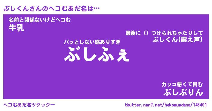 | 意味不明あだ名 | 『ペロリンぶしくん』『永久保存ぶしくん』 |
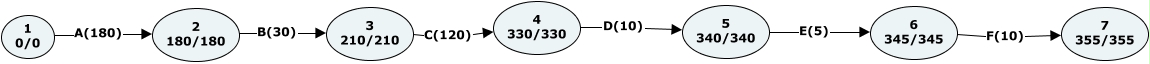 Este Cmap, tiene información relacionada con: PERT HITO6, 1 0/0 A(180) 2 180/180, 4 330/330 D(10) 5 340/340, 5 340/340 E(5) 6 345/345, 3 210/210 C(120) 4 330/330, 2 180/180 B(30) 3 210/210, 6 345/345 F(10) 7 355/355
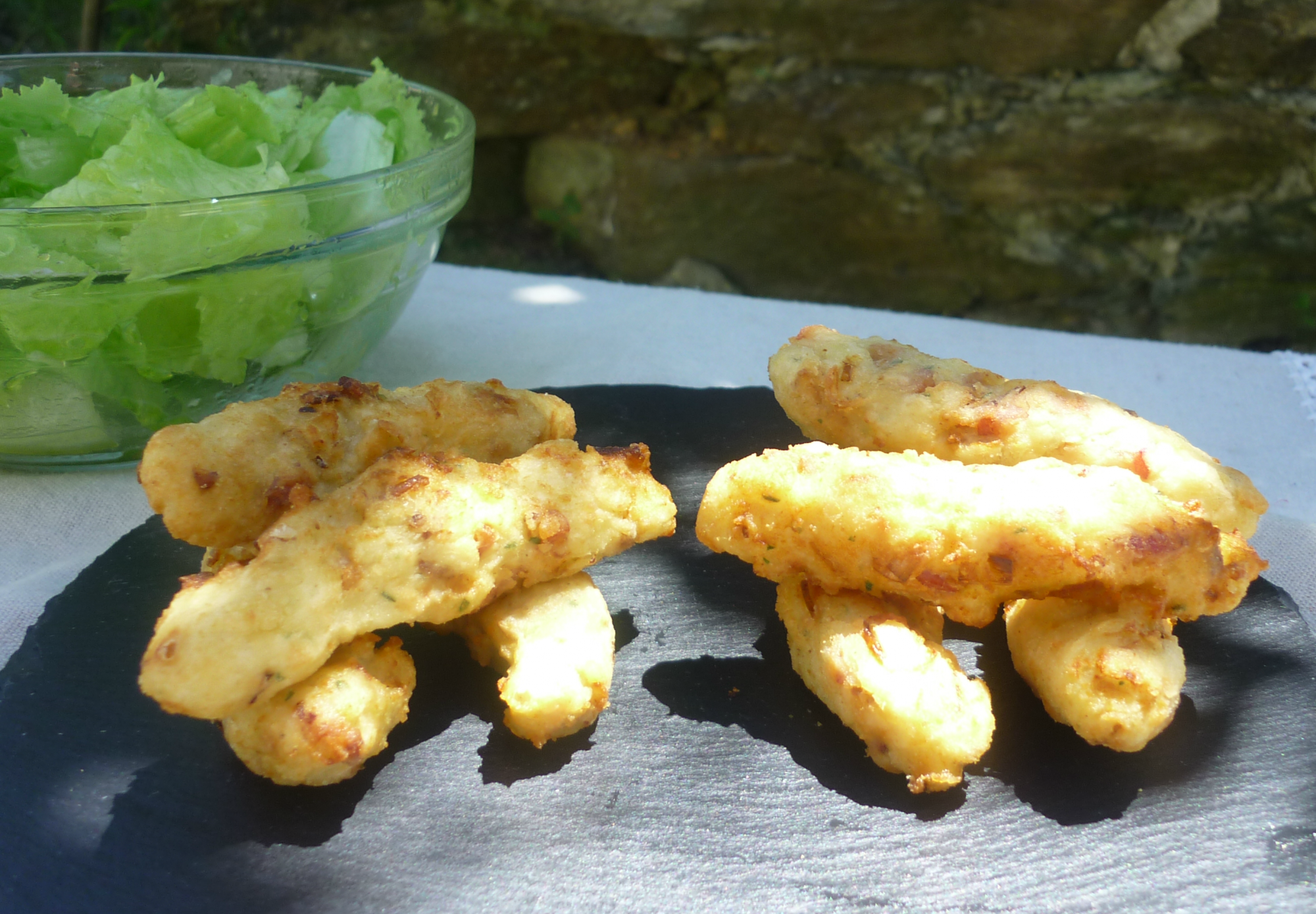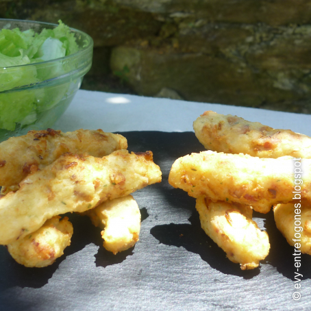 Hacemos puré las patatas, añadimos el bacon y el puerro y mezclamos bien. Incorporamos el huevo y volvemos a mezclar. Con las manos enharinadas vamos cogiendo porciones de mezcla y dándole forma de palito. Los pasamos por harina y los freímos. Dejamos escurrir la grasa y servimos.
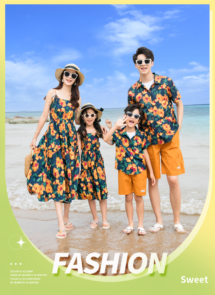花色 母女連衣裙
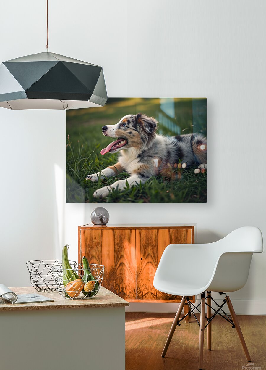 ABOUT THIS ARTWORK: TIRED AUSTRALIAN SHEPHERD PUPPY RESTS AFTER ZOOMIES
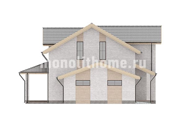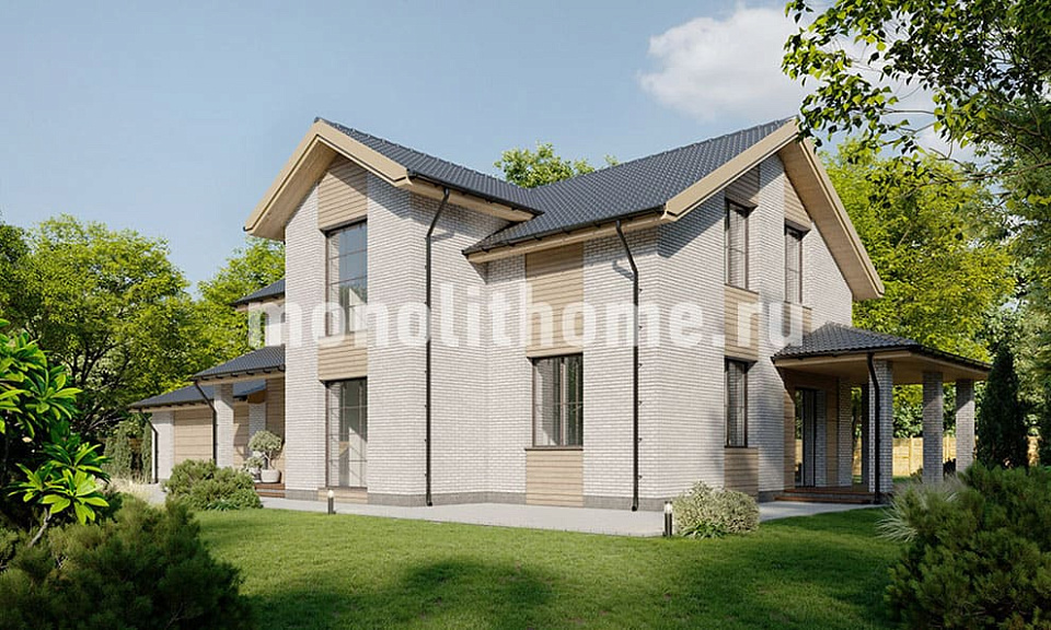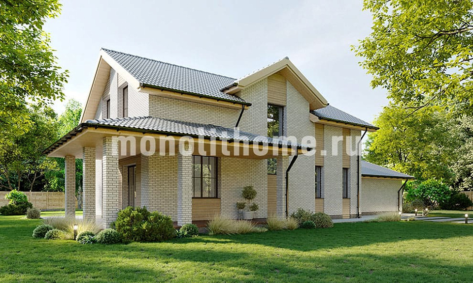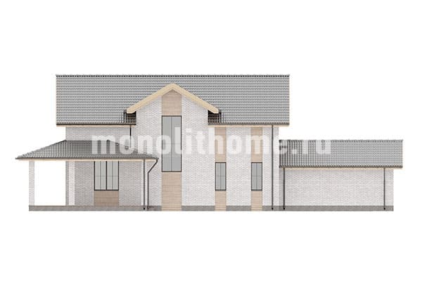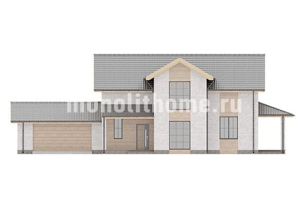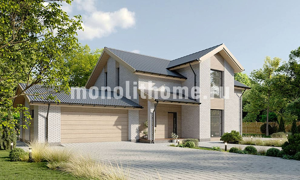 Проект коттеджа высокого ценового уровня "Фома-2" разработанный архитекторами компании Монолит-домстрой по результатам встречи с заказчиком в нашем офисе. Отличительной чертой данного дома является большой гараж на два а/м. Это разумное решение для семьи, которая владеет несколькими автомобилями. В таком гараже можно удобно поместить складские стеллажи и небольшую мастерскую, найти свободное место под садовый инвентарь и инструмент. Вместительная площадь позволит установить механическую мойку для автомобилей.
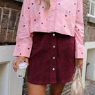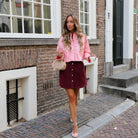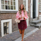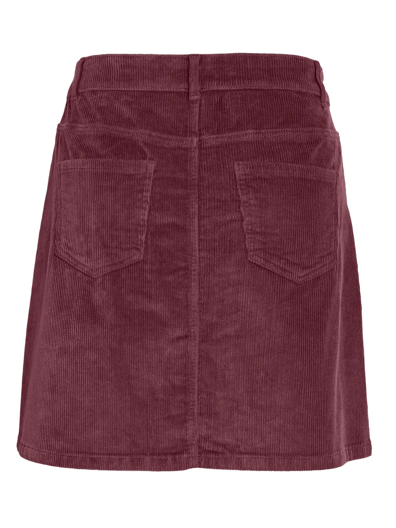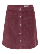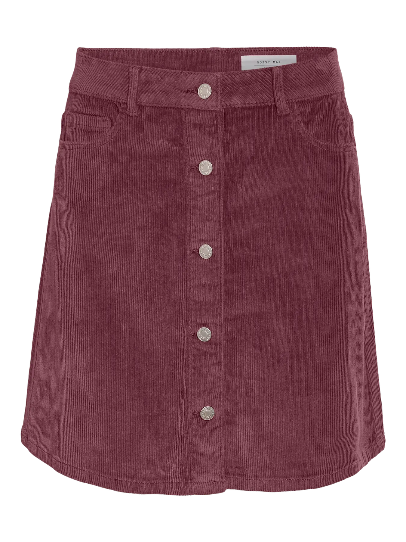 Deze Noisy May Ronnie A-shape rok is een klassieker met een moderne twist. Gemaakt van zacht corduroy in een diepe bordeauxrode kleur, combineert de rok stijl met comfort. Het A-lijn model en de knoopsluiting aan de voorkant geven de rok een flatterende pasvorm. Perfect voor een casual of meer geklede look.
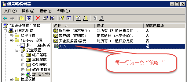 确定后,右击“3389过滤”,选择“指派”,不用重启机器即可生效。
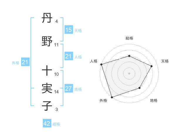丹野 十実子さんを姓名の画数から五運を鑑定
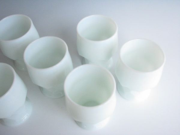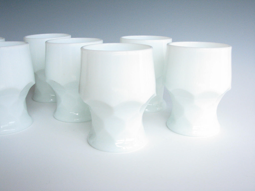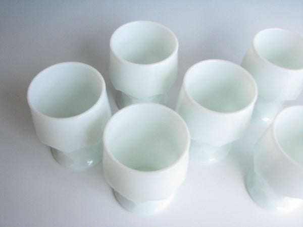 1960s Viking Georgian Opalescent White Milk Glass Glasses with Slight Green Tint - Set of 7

...

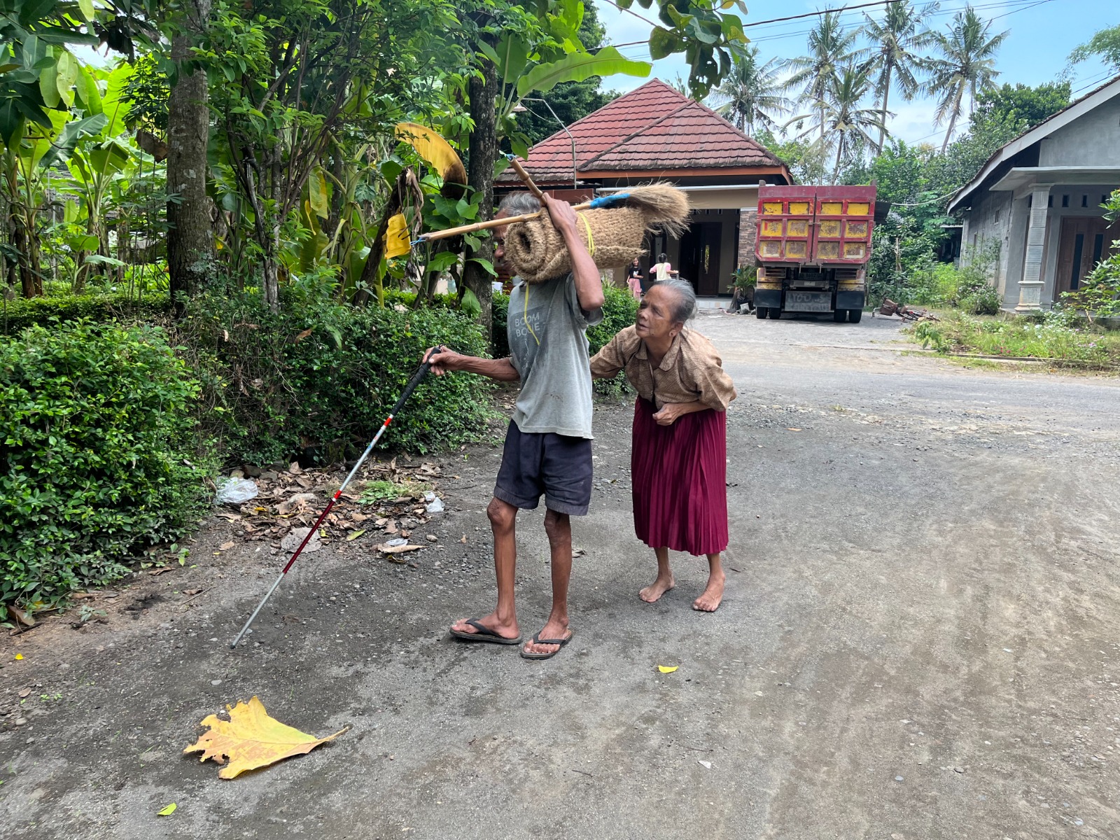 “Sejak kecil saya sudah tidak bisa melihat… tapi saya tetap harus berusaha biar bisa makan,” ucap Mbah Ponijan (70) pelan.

EXERCISE AIM |
Each line from the one that contains "ABOUT THIS ARTWORK: TIRED" down to the one that contains "1960s Viking Georgian" is to be returned exactly as it stands above, both ends included, with pictures removed.

RESULT FOR THIS EXERCISE |
 ABOUT THIS ARTWORK: TIRED AUSTRALIAN SHEPHERD PUPPY RESTS AFTER ZOOMIES
 Проект коттеджа высокого ценового уровня "Фома-2" разработанный архитекторами компании Монолит-домстрой по результатам встречи с заказчиком в нашем офисе. Отличительной чертой данного дома является большой гараж на два а/м. Это разумное решение для семьи, которая владеет несколькими автомобилями. В таком гараже можно удобно поместить складские стеллажи и небольшую мастерскую, найти свободное место под садовый инвентарь и инструмент. Вместительная площадь позволит установить механическую мойку для автомобилей.
 Deze Noisy May Ronnie A-shape rok is een klassieker met een moderne twist. Gemaakt van zacht corduroy in een diepe bordeauxrode kleur, combineert de rok stijl met comfort. Het A-lijn model en de knoopsluiting aan de voorkant geven de rok een flatterende pasvorm. Perfect voor een casual of meer geklede look.
 确定后,右击“3389过滤”,选择“指派”,不用重启机器即可生效。
丹野 十実子さんを姓名の画数から五運を鑑定
 1960s Viking Georgian Opalescent White Milk Glass Glasses with Slight Green Tint - Set of 7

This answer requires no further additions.